MATERIAL SUPPLIED
********
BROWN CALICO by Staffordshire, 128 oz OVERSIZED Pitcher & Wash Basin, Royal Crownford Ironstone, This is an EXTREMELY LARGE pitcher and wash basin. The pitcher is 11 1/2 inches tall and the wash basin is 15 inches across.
********
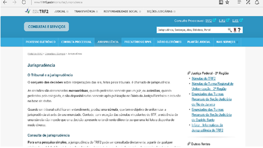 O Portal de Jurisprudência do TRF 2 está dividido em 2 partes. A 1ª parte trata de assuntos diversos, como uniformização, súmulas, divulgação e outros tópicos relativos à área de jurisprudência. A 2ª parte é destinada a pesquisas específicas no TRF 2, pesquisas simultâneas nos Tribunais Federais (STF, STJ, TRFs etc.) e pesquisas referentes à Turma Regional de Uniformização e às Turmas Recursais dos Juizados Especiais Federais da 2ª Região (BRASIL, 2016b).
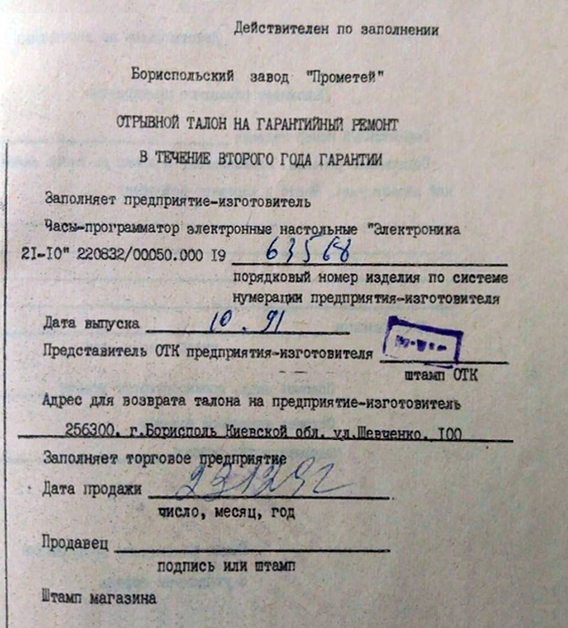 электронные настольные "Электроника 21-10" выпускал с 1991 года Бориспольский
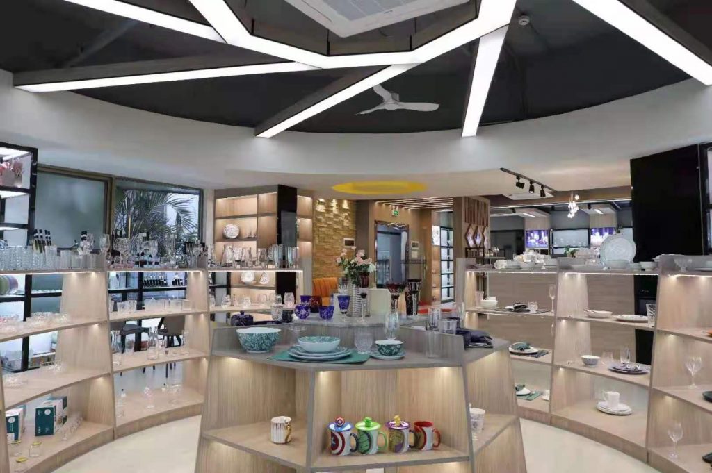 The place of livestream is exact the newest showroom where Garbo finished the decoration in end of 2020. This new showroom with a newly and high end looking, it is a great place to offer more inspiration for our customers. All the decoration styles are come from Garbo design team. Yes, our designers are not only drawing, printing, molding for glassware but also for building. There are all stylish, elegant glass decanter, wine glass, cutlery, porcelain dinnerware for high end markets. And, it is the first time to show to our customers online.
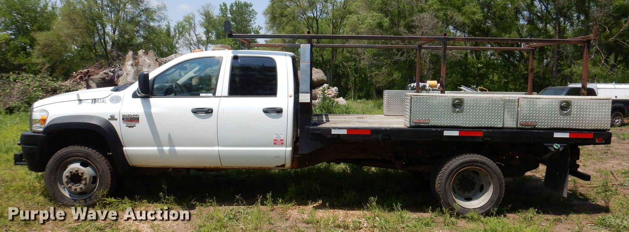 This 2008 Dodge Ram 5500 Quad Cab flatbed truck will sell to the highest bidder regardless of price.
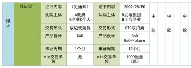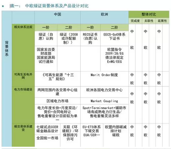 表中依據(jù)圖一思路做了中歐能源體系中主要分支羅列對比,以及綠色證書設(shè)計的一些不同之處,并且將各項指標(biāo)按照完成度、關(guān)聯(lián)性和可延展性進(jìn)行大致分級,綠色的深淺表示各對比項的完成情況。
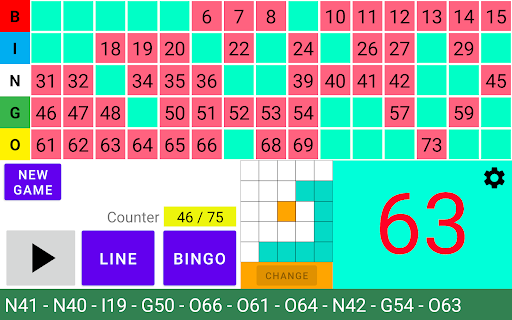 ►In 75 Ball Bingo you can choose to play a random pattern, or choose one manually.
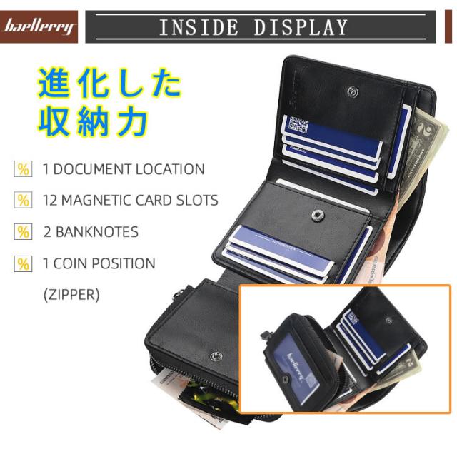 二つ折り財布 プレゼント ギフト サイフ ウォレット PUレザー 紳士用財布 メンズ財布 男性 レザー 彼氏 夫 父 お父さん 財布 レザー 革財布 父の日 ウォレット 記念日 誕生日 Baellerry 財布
********
How would the lines above read from the one with "表中依據(jù)圖一思路做了" to the one with "二つ折り財布 プレゼント ギフト", inclusive, with no pictures? Write them out exactly.

 表中依據(jù)圖一思路做了中歐能源體系中主要分支羅列對比,以及綠色證書設(shè)計的一些不同之處,并且將各項指標(biāo)按照完成度、關(guān)聯(lián)性和可延展性進(jìn)行大致分級,綠色的深淺表示各對比項的完成情況。
 ►In 75 Ball Bingo you can choose to play a random pattern, or choose one manually.
 二つ折り財布 プレゼント ギフト サイフ ウォレット PUレザー 紳士用財布 メンズ財布 男性 レザー 彼氏 夫 父 お父さん 財布 レザー 革財布 父の日 ウォレット 記念日 誕生日 Baellerry 財布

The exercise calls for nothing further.